My vet says to not worry as long as they still act normal (not to sleepy, still playful, etc), but my kittens run into EVERYTHING while they play. 

Plastic tubs full of stuff? Yep. Couch ends (wooden)? yep. Coffee table sides? yep. Sliding glass door? yep. Walls everywhere? yep.... And that's just a little bit of what gets run into!

I am wondering how often kittens get concussions and how much I should be concerned about their activities. They hit HARD, and hit often. Meaning, running full speed and slam right into whatever object when they try to turn because the other kitten pounces on them right at the last moment. More often than not its Gandolf (10 wks old) who hits, but Smudge (24 weeks I think?) also hits occasionally as he tries to outrun the little guy and looks behind him.
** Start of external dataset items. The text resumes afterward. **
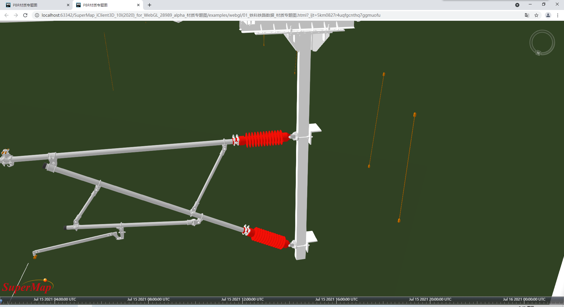 例如下图中的数据,只有一个图层,红色的绝缘子为陶瓷,橙黄色的吊弦为黄铜,其余的对象为铝材质。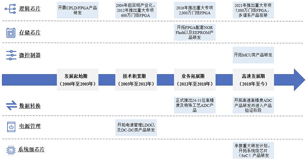 其产品广泛应用于电子、通信、控制、测量等特种领域,主要包括以可编程逻辑器件(CPLD/FPGA)为代表的逻辑芯片、存储芯片及微控制器等数字集成电路产品,以及包括数据转换(ADC/DAC)、总线接口及电源管理等的模拟集成电路产品。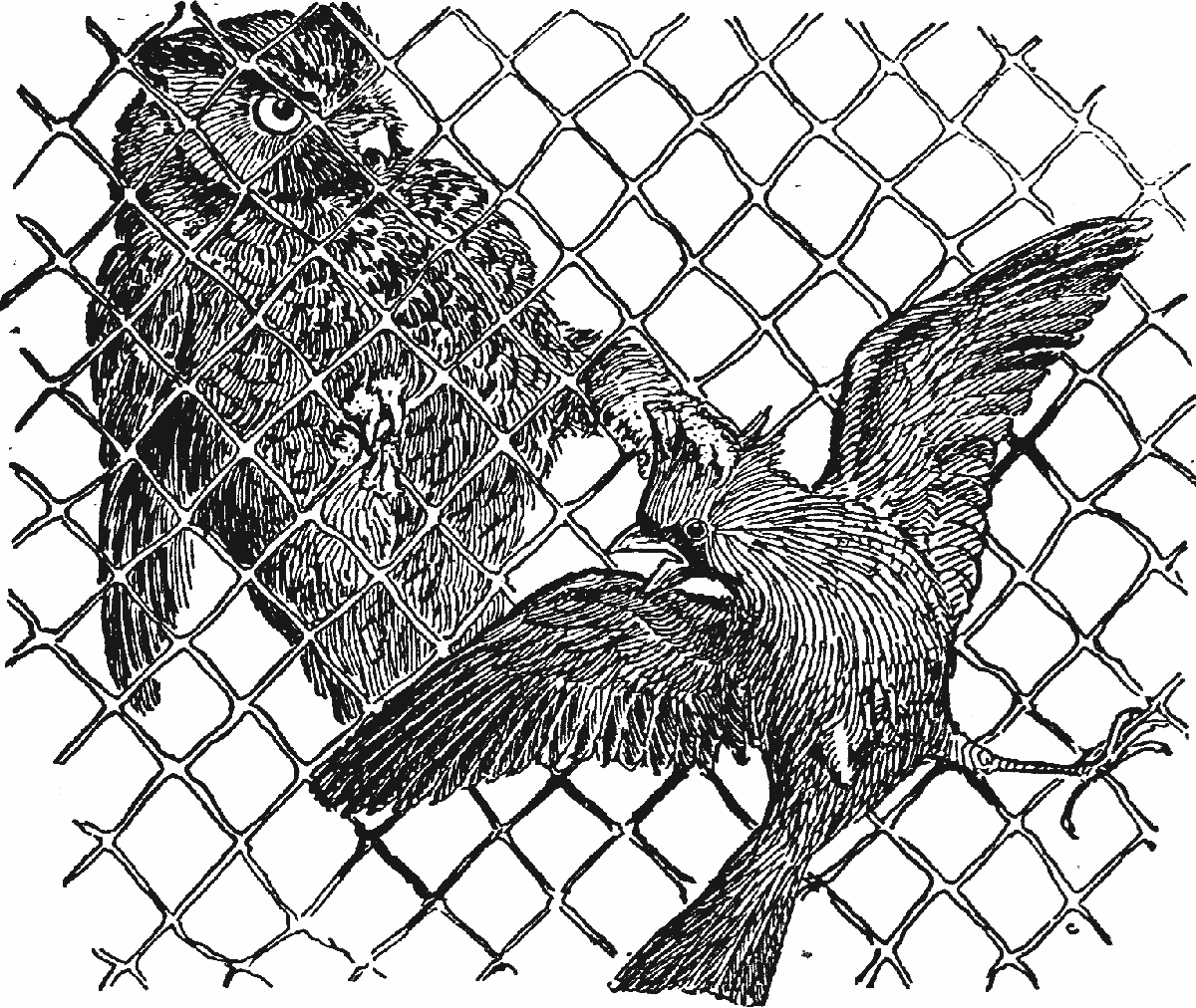 We began to inquire among our friends who would like a nice, affectionate pair of owls? There seemed no great eagerness on the part of any one to(23) take the pets we so much valued. Plans for their future worried me so much that at last I said to my sister, “We will take them East with us.”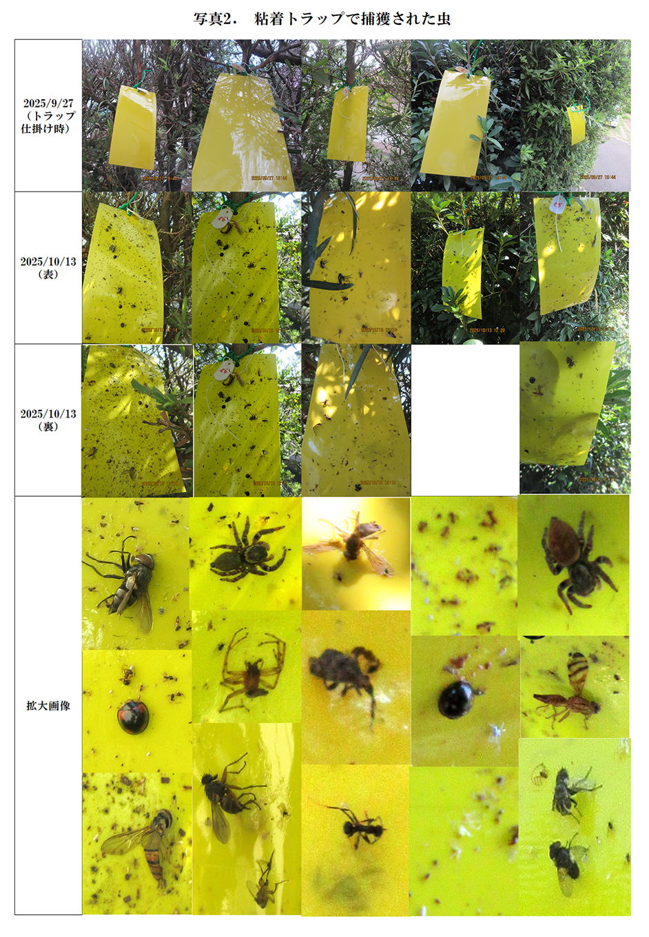 粘着トラップには写真2に示すように色々な虫が付着した。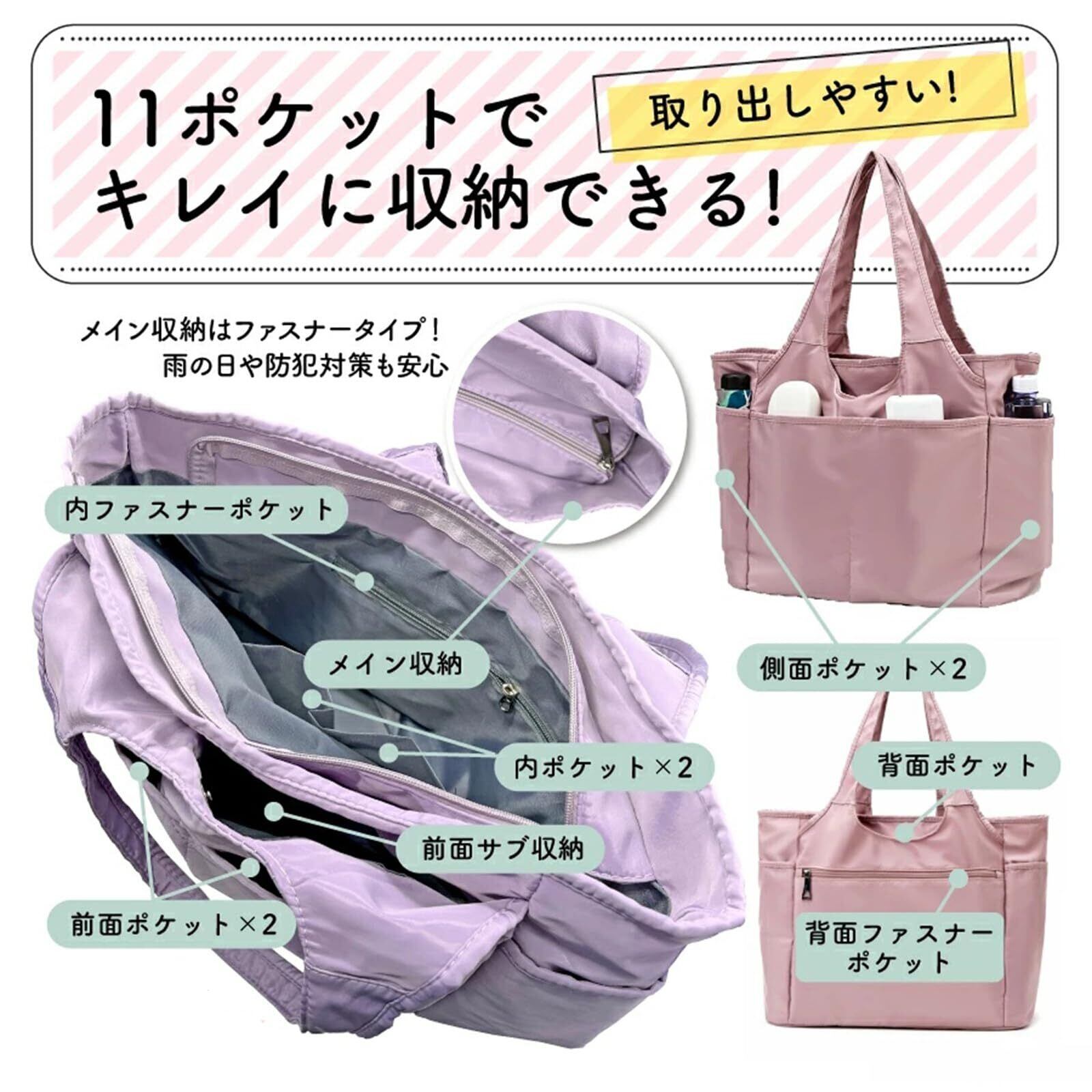 【撥水加工】耐久性・撥水効果の高い、高密度オックスフォード生地採用しているので急な雨でも大丈夫。生地は上品な光沢があり、傷もつきにくく、シワも出来にくいです。防汚性もあり汚れた場合もお手入れが簡単で、水で手洗い可能です。(洗濯機不可)
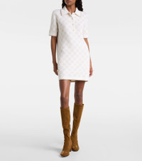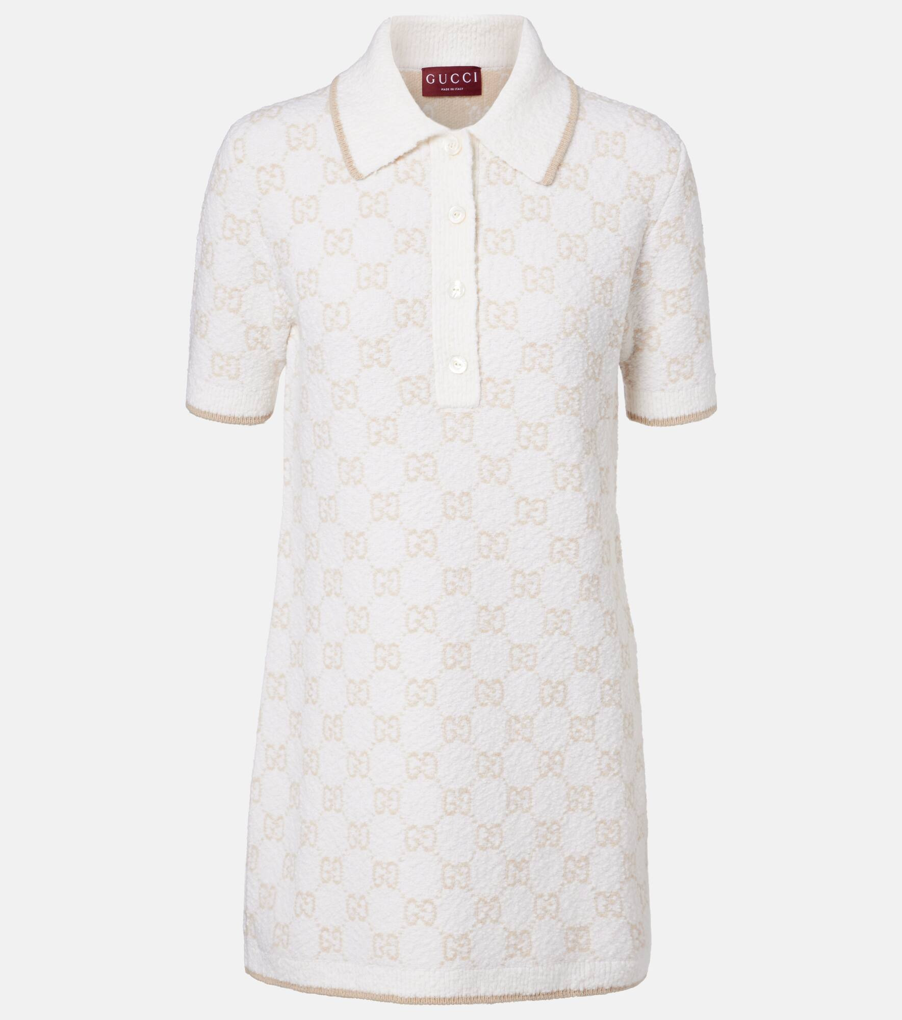 Renowned for its playful yet sophisticated aesthetic, Gucci continues to define contemporary style. Crafted in Italy from a wool blend, this minidress features the iconic GG pattern, a polo collar, ribbed trims, and a buttoned placket. Product Details - Material: 80% wool, 11% polyamide, 5% cashmere, 3% polyester, 1% elastane - Care instructions: dry clean - Made in Italy - Designer color name: White/Beige - Item color: white, beige - Trim: 76% wool, 18% polyamide, 4% polyester, 1% elastane, 1% cashmere - Details: 76% wool, 19% polyamide, 4% polyester, 1% elastane - Contains non-textile parts of animal origin - Collar: polo collar - Closure: buttoned placket - Cuff: ribbed - Hem: ribbed - Item number: P01052730 Size & Fit - True to size - Straight fit - Stretchy fabric - The model seen in the picture is 178cm-5'10" and wearing a size XS
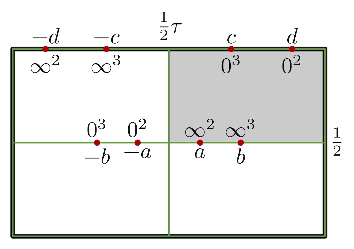 with the Abel condition asking for 1/2 + 2 a + 3 b = 3 c + 2 d. Thus the surfaces lose their normal symmetries about horizontal lines.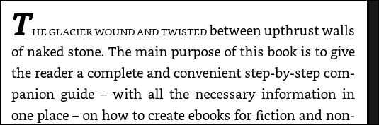 <p class="first"><span class="stand">T</span><span class="small">HE GLACIER WOUND AND TWISTED</span> between upthrust walls of naked stone.</p>
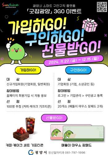 광양시는 일자리 종합 포털사이트인 스마트 구인구직 플랫폼 ‘굿잡광양’ 활성화를 위해 3GO(가입하GO!구인하GO!선물받GO!) 이벤트를 추진한다고 21일 밝혔다.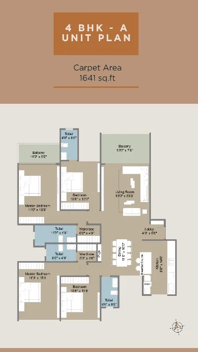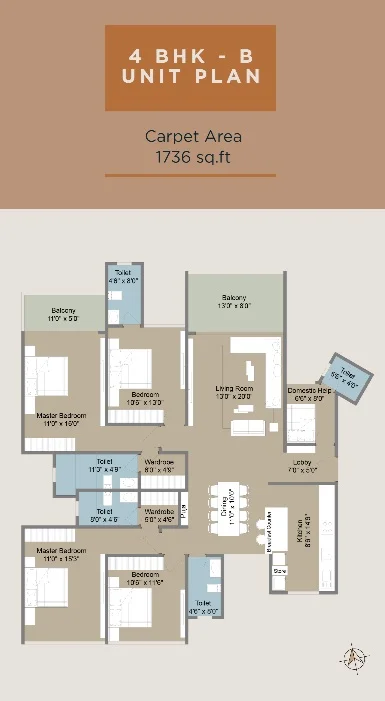 (Super Builtup Area) : 1199 – 1736 sq.ft

It's not like the furnature moves or anything, but it seems they forget that it's there sometimes as they play!

Just wondering how much I need to be concerned about them hurting themselves or doing brain damage as they play like this... It's cute how they play, but the solid THUNK of skull hitting wood/glass/plastic/wall studs is disconcerting. And it's about a dozen times a day I hear it.


----------



## saitenyo (Nov 28, 2010)

I was really paranoid about this at first too, but kittens seem to have very sturdy skulls. Both my cats (especially Athena who is cross-eyed and has poor depth perception as a result) have run into so many things. Athena once landed headfirst on a table when she miscalculated a jump, and both smack their heads into mirrors and walls a lot.

So far no one has been injured!


----------



## ptomas (Aug 22, 2011)

I have a clumsy cat that has hit his head on coffee table many a times. 

When he gets real excited about playing he completely forgets his surroundings. While wrestling with the other cat, he as fallen off the cat tree(about 4 feet, our first vet visit), couches, beds, etc. I have to stop them from wrestling or shoo them down off furniture if they are wrestling together. 

He will sometimes nap on the arm of the couch and fall off in his sleep. Then he looks around and yells at me like its my fault.


----------



## Buggzter (Jun 28, 2011)

Thanks you guys - I know if I hit MY head like that I'd be hurting! LOL! Just a worrier I suppose.


----------